Activity:
Leaving the pictures out, print the lines from the first line of the listing through the line containing "Прогноз магнитных бурь", exactly as they read, and no others.

Stored data:
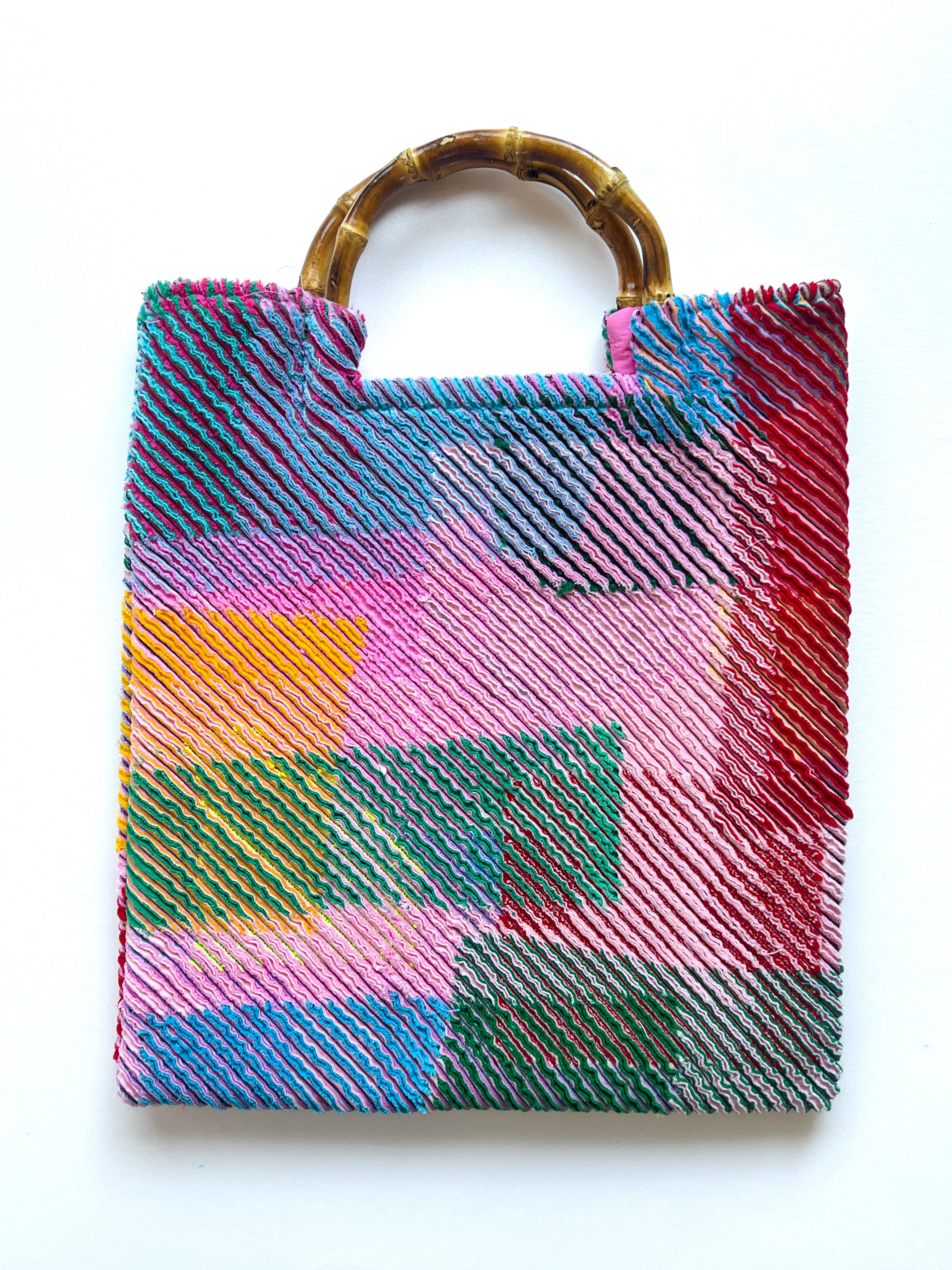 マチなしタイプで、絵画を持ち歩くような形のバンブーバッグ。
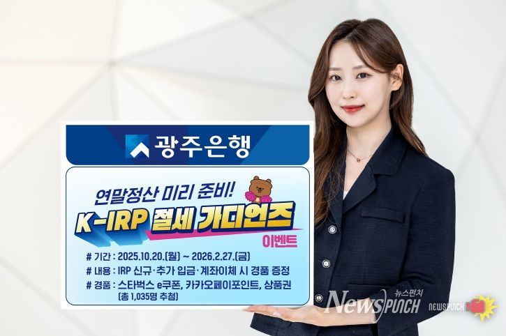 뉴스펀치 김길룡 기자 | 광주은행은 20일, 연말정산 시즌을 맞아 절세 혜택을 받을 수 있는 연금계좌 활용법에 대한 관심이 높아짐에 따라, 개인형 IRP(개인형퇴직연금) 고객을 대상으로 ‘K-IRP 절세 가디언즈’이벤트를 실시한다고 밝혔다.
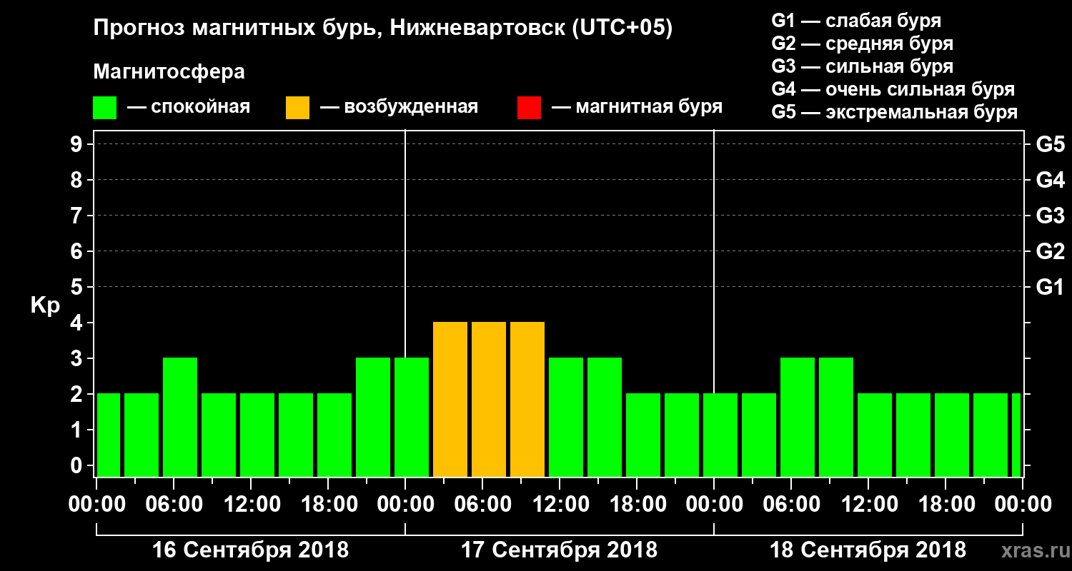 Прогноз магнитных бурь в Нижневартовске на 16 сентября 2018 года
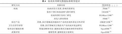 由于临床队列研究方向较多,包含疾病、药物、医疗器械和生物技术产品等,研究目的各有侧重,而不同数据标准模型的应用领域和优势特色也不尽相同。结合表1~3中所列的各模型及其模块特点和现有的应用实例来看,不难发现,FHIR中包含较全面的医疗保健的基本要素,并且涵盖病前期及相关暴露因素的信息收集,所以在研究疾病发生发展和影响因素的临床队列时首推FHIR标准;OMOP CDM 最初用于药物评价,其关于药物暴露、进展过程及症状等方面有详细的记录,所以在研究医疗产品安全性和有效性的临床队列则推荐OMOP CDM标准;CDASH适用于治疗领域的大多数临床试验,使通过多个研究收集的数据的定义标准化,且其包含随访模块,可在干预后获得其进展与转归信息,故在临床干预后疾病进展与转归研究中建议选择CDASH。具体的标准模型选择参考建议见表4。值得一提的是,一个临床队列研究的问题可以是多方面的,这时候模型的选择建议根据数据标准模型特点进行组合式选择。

The completed task:
 マチなしタイプで、絵画を持ち歩くような形のバンブーバッグ。
 뉴스펀치 김길룡 기자 | 광주은행은 20일, 연말정산 시즌을 맞아 절세 혜택을 받을 수 있는 연금계좌 활용법에 대한 관심이 높아짐에 따라, 개인형 IRP(개인형퇴직연금) 고객을 대상으로 ‘K-IRP 절세 가디언즈’이벤트를 실시한다고 밝혔다.
 Прогноз магнитных бурь в Нижневартовске на 16 сентября 2018 года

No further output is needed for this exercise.